While hidden terminals may cause collisions, the next
effect only causes unnecessary delay.
Now consider the situation that B sends something to A
and C wants to transmit data to some other mobile
phone outside the interference ranges of A and B.
C senses the carrier and detects that the carrier is busy.
C postpones its transmission until it detects the medium
as being idle again.
But as A is outside the interference range of C, waiting is
not necessary.
6. NEAR AND FAR TERMINALS SCENARIO
A and B are both sending with the same
transmission power.
As the signal strength decreases proportionally to
the square of the distance, B’s signal drowns out
A’s signal.
As a result, C cannot receive A’s transmission.
7. Now think of C acts as a base station coordinating
media access.
In this case, terminal B would already drown out
terminal A on the physical layer.
C in return would have no chance of applying a fair
scheme as it would only hear B.
The near/far effect is a severe problem.
All signals should arrive at the receiver with more
or less the same strength.
Otherwise a person standing closer to somebody
could always speak louder than a person further
away.
Precise power control is needed to receive all
senders with the same strength at a receiver.
8. SDMA
Space Division Multiple Access (SDMA) is used for
allocating a separated space to users in wireless
networks.
A typical application involves assigning an optimal base
station to a mobile phone user.
The mobile phone may receive several base stations
with different quality.
A MAC algorithm could now decide which base station is
best, taking into account which frequencies (FDM), time
slots (TDM) or code (CDM) are still available.

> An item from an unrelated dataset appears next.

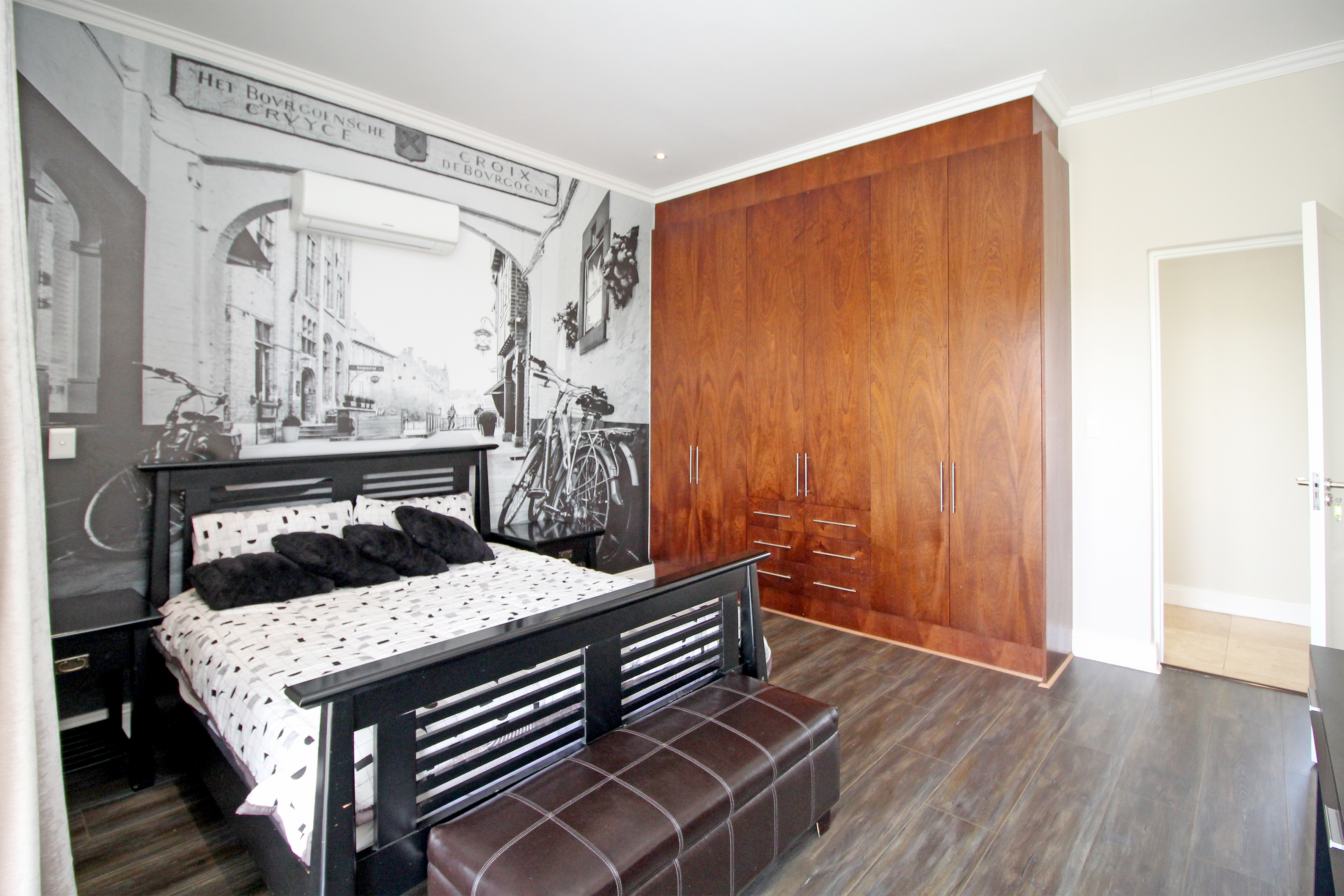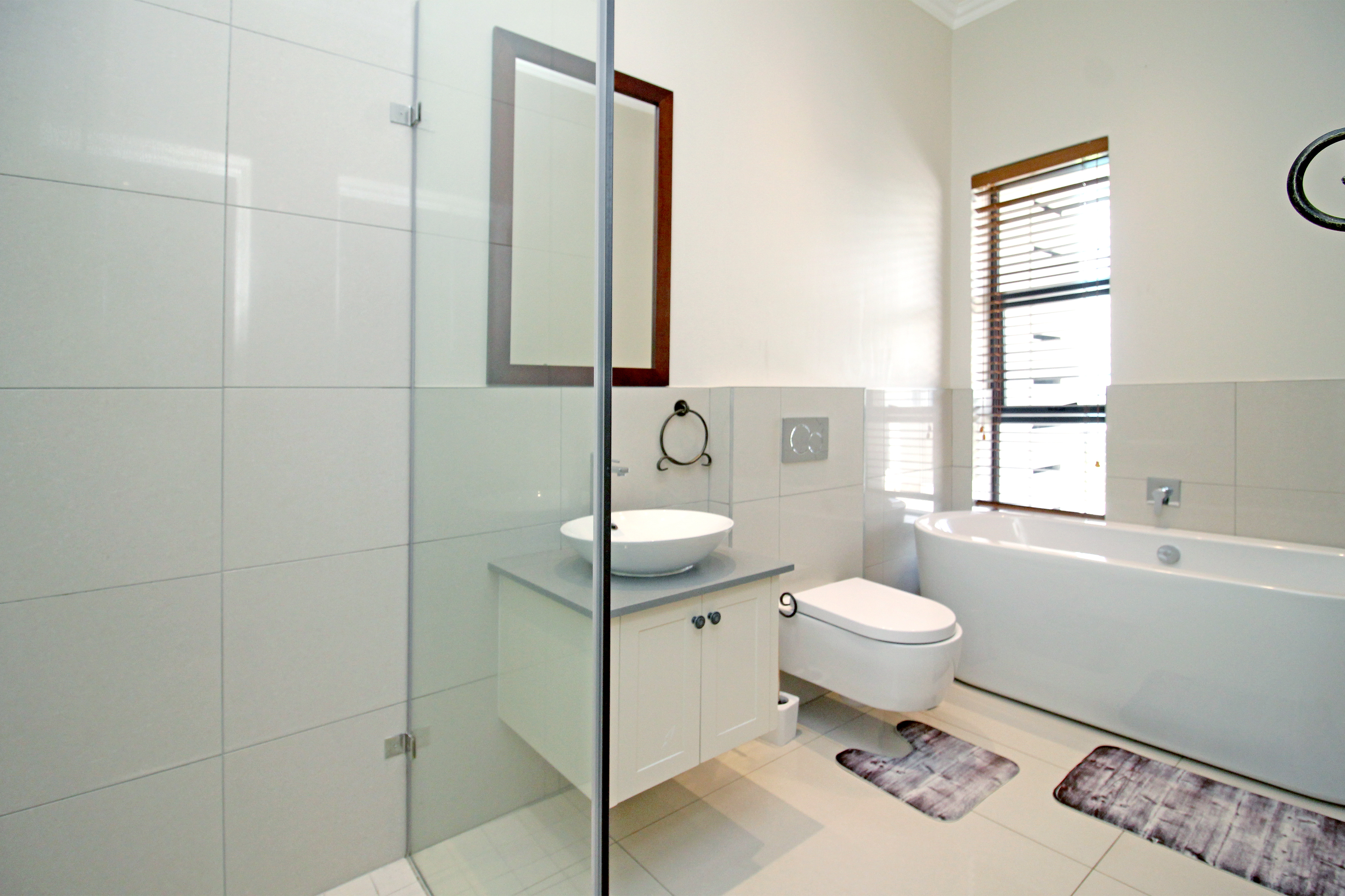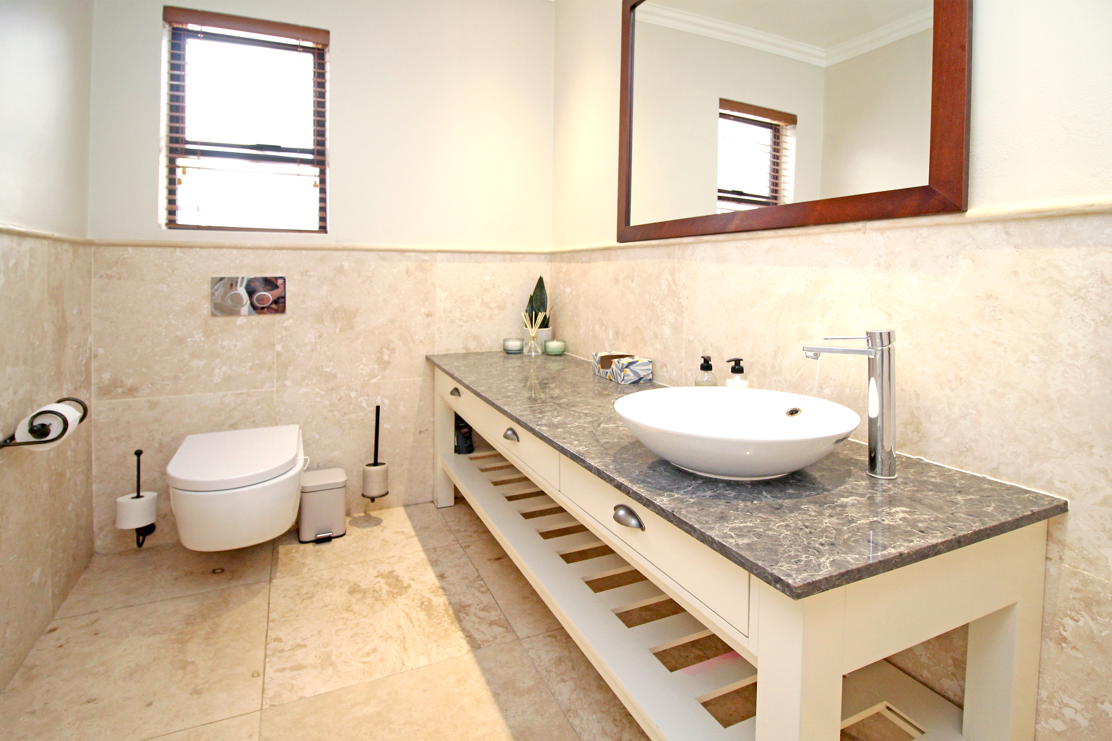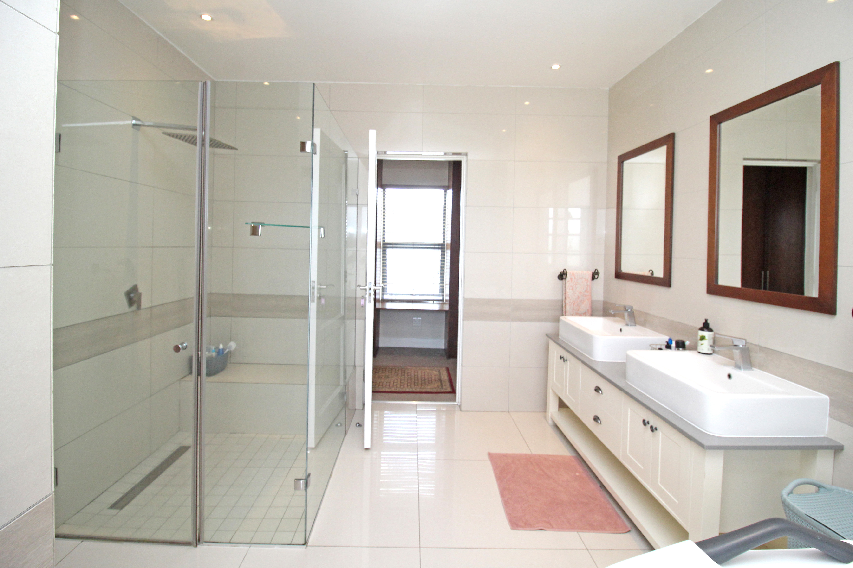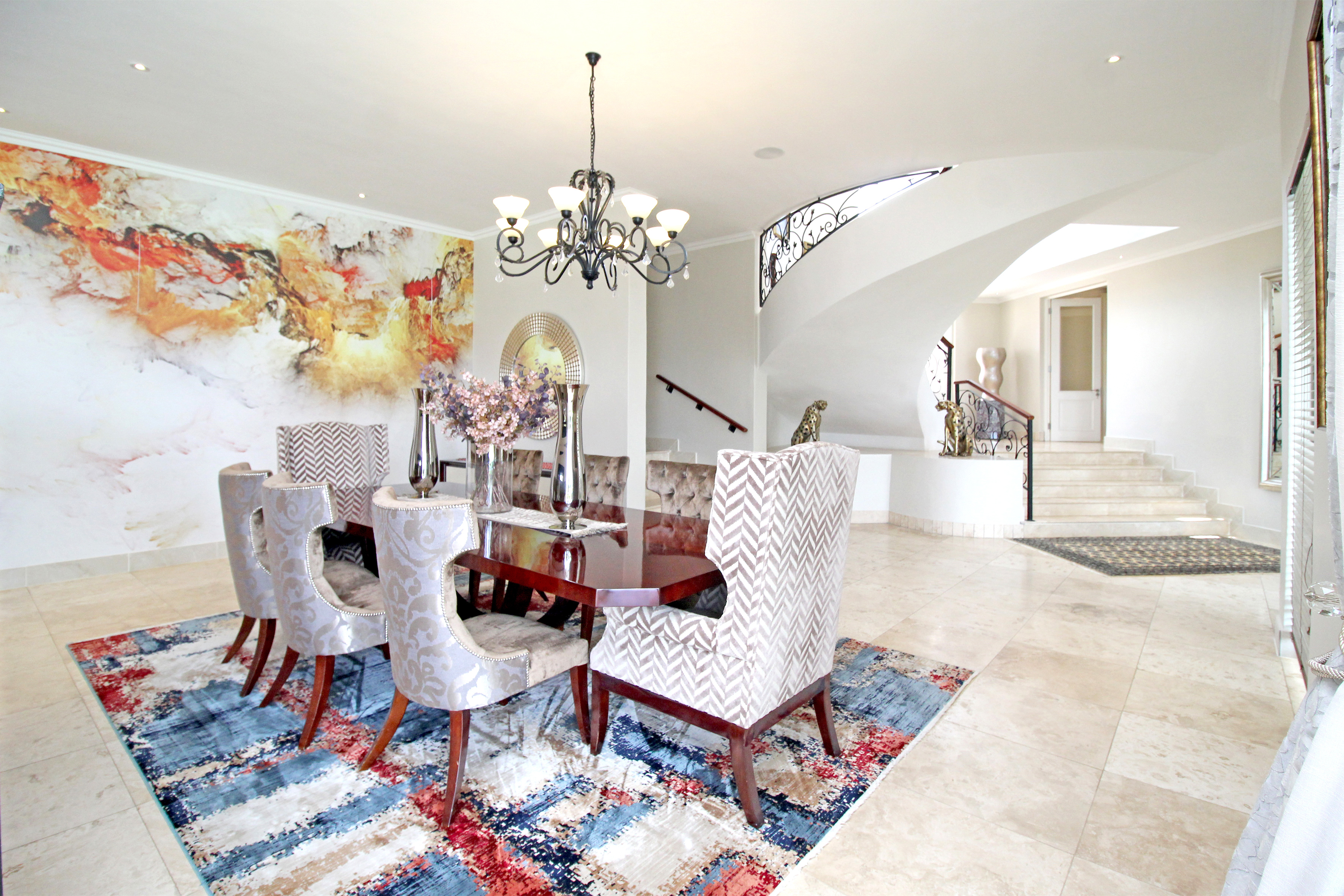 A state-of-the-art gourmet kitchen with top-of-the-line appliances, gas hob, walk in pantry, eat in breakfast nook, a large central island, large separate scullery and laundry space, perfect for both family meals and entertaining. Tv lounge open plan to the kitchen with wood burning fire place and all opening out to the divine patio with built in braai.

Typically, SDMA is never used in isolation but always in
combination with one or more other schemes.
The basis for the SDMA algorithm is formed by cells and
sectorized antennas which constitute the infrastructure
implementing space division multiplexing
9. FDMA
Frequency division multiple access (FDMA)

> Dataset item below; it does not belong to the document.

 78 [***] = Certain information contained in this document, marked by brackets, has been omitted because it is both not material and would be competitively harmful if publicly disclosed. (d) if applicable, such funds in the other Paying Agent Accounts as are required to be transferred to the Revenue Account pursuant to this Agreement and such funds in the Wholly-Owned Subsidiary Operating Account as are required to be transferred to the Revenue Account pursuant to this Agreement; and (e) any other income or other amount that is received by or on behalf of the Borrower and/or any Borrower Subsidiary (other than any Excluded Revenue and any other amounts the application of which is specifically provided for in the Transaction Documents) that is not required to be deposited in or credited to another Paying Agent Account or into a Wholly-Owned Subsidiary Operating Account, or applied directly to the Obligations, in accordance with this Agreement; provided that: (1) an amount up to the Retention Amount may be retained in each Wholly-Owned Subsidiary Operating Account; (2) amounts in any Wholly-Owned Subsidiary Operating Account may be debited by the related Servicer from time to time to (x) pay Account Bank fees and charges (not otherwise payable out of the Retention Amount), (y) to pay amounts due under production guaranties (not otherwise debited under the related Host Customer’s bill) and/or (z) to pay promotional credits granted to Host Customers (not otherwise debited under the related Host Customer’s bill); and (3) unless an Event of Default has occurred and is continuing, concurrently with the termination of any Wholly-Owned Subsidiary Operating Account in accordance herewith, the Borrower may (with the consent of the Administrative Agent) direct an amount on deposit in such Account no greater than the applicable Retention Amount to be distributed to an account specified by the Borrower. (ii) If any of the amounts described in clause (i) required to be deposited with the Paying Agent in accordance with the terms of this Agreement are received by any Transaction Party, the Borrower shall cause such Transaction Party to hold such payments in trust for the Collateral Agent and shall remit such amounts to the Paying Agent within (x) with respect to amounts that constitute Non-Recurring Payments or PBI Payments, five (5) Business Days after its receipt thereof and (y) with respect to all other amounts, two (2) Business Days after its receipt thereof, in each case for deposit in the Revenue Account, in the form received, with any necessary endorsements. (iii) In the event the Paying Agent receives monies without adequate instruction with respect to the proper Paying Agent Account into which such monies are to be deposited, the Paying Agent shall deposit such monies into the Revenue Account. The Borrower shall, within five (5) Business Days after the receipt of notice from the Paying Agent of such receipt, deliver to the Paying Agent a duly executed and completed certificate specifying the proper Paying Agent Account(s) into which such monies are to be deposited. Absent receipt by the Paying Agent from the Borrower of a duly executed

comprises all algorithms allocating frequencies to
transmission channels according to the frequency
division multiplexing (FDM) scheme.
Allocation can either be fixed or dynamic.
Channels can be assigned to the same frequency at all
times, i.e., pure FDMA, or change frequencies according
to a certain pattern i.e., FDMA combined with TDMA.
FDM is often used for simultaneous access to the
medium by base station and mobile station in cellular
networks.
Here the two partners typically establish a duplex
channel, i.e., a channel that allows for simultaneous
transmission in both directions. The two
directions, mobile station to base station and vice versa
are now separated using different frequencies.
This scheme is then called frequency division duplex
(FDD).
10. The two frequencies are also known as
uplink, i.e., from mobile station to base station.
downlink, i.e., from base station to mobile station
or from satellite to ground control.
All uplinks use the band between 890.2 and 915
MHz, all downlinks use 935.2 to 960 MHz.
11. the base station, shown on the right side, allocates
a certain frequency for up- and downlink to
establish a duplex channel with a mobile phone.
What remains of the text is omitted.